So, $(x_{n})$ is a monotonically decreasing sequence.

Moreover, we can show that $(x_n)$ is bounded. We are interested to show that $x_n > 0$ for all $n \in \mathbf{N}$. This holds for $n=1$. Assume that $x_k > 0$, then \begin{align*} x_{k+1} = \frac{1}{4 - x_k} > \frac{1}{4} > 0 \end{align*}

Thus, the sequence $(x_n)$ has a lower bound $0$. By the Monotone Convergence Theorem, the sequence $(x_n)$ converges.
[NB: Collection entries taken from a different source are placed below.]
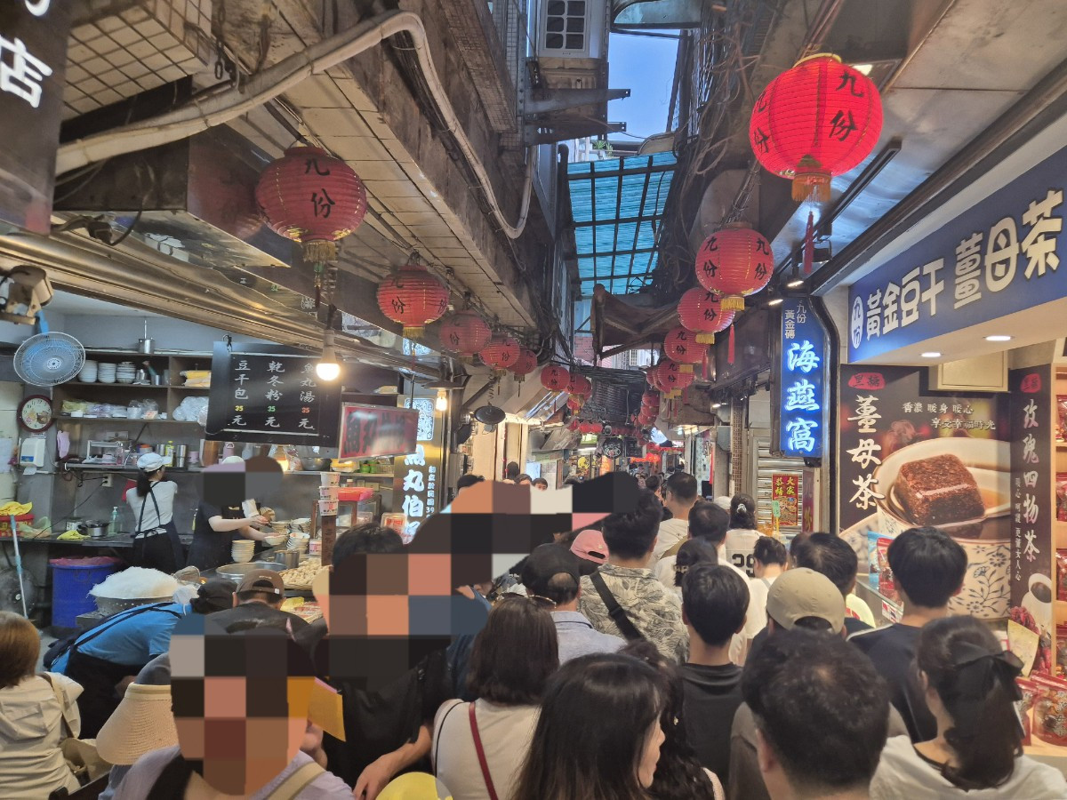여튼 전 세계 사람들, 특히 우리나라 사람들이 엄청 왔다. 열흘 간 한 곳의 여행사에 예약되어 오는 대만 관광객만 하더라도 9천명 정도 된다 한다 이번에. 곳곳에서 사진을 찍느라 정체되어 인내심있게 기다리거나 누군가는 짜증을 내기도 했다. 좌우 양 옆으로 가게들과 어느 곳을 지나가면 호객상들도 많이 보였다. 운전자로써 참 서프라이즈 한 것을 느낀 점은 바로 지우펀의 꼬불꼬불 그 길에 사람들이 꽉 차 있는데 가뜩이나 좁은 산 길에 차들이 인파를 비켜가며 천천히 지나가고 있었다. 그래서 어찌할 꼬라는 너무나 아찔한 역지사지의 생각이 들어버렸다.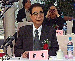 國務院副總理吳邦國宣布導流明渠截流合龍成功后,全國人大委員長李鵬發表了重要講話。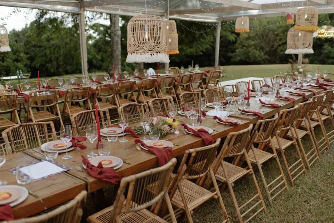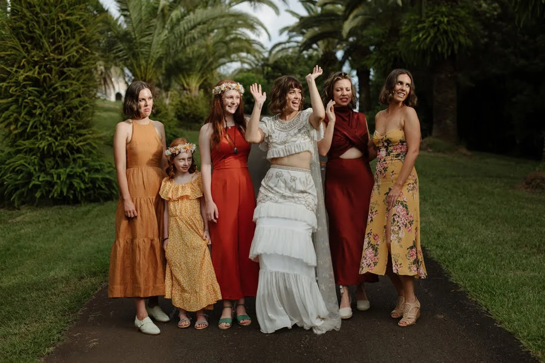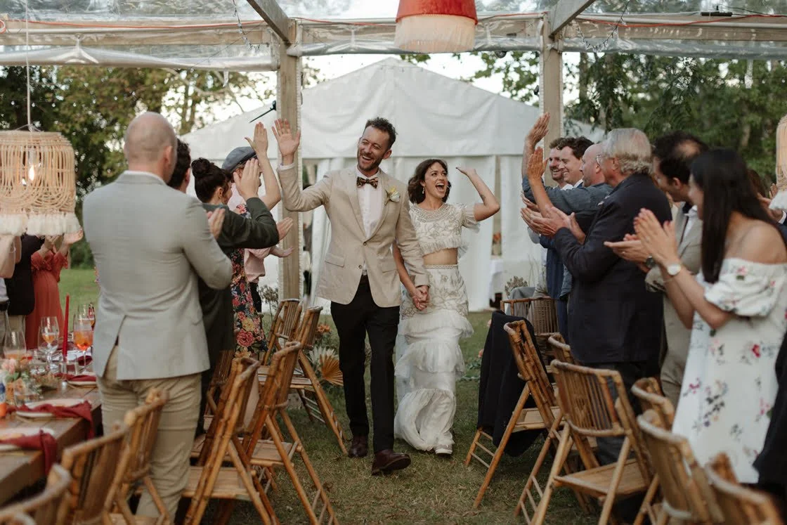 CONTRIBUTING VENDORS Photographer Ben Sowry Photo Event Planner Event Stylist and Co Florist Pikt Flowers Stationery Bliss & Bone Ceremony & Reception Hinterland House Catering Joe Chef Cake The Butterscotch Table (dessert table) Other desserts The Marshmallow Co. (giant marshmallow platters for roasting in the fire pit) Wedding favours StrangeLove (drinks), Byron Bay Cookie Company (cookies), Byron Bay Coffee Company (chocolate-covered macadamias), Bee One Third (local honey) Hire Items Memorable Moments (chairs, tables, cocktail lounges) Marquee Pavilion Marquees Entertainment Adelina Martinez (singer), Paul Henderson (guitarist), Coastal Beats (DJ) Celebrant Just Jess Ceremonies Rings Capucinne (engagement), family heirloom wedding rings Transport Byron Bus Co Child Minding Kidz Klub Australia THE BRIDE Gown Bo & Luca Bridal Boutique Bloom Cape Meadow Sweet Bridal Robes Craftluxe Australia Shoes Loeffler Randall Earrings A. B. Ellie Hair & Makeup Alex Ouston Beauty Bridesmaid dresses Reformation, Shona Joy, DISSH, ASOS Bridesmaid gifts Meadow Sweet Bridal (robes) Flower girls Corsages by Z (flower crowns) THE GROOM Suit InStitchu Shirt Calvin Klein Bow tie Peggy and Finn Shoes Double Oak Mills Watch Vintage Tag Heuer Carrera Barber Rattlin’ Bones Barber Shop Groomsmen suits InStitchu Groomsmen gifts Skwosh (board shorts)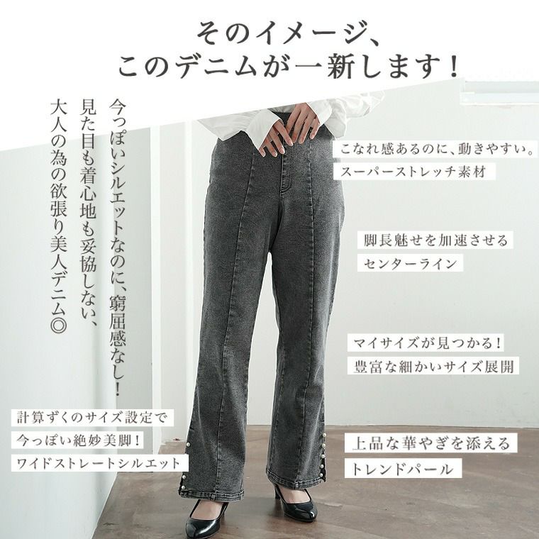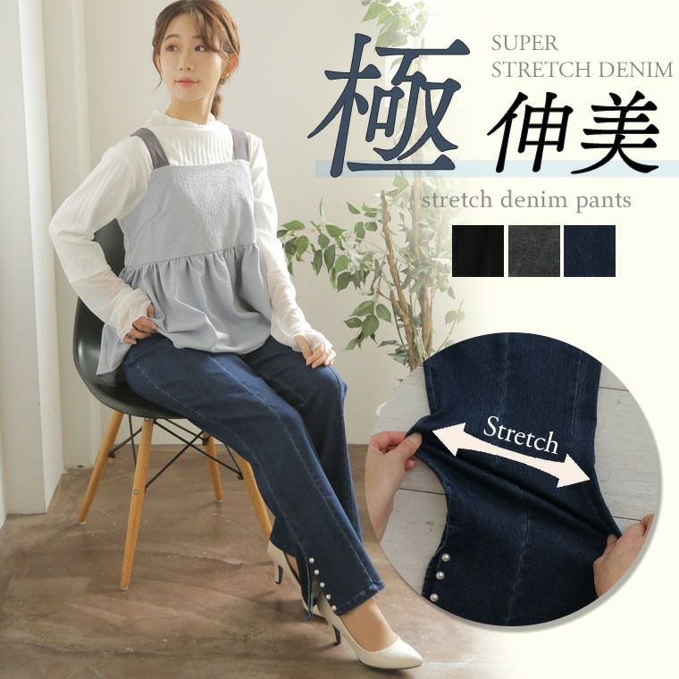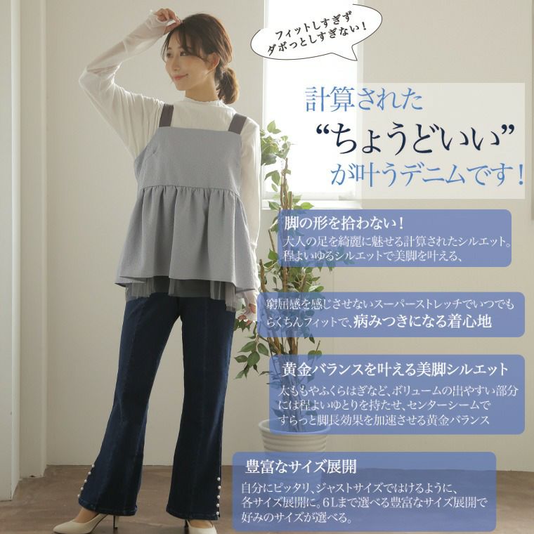 他の画像を見る パンツ デニム LL 3L 4L 5L 6L 冬 ぽっちゃり パールアイテム リン プラスサイズ Rin 上品に着映える! スーパーストレッチ 裾パール デニムパンツ 大人 着やせ 体型カバー ビジネス 通勤 ママ 【ストレッチ】 | 大きいサイズの通販ならハッピーマリリン 在庫特価 定価 ¥ 3,990 のところ 価格 ¥ 3,000 税込 3.54 お気に入りに登録する

(b) The sequence $(x_{n+1})=x_2,x_3,x_4,\ldots$ also converges and has the same limiting value because the $1$-tail of $(x_n)$ is a (i) monotonically decreasing sequence (ii) has the same lower bound $0$. It is the infinite tail of the sequence, that ultimately determines the convergence of a sequence.

(c) We have: \begin{align*} \lim (x_n) &= \frac{1}{4 - \lim x_{n+1}}\\ L &= \frac{1}{4 - L} \\ 4L - L^2 &= 1\\ L^2 - 4L + 1 &= 0\\ (L - 2)^2 - 3 &= 0\\ L&= 2 \pm \sqrt{3} \end{align*}

As $0 < L < 1$, we have $L = 2 - \sqrt{3}$.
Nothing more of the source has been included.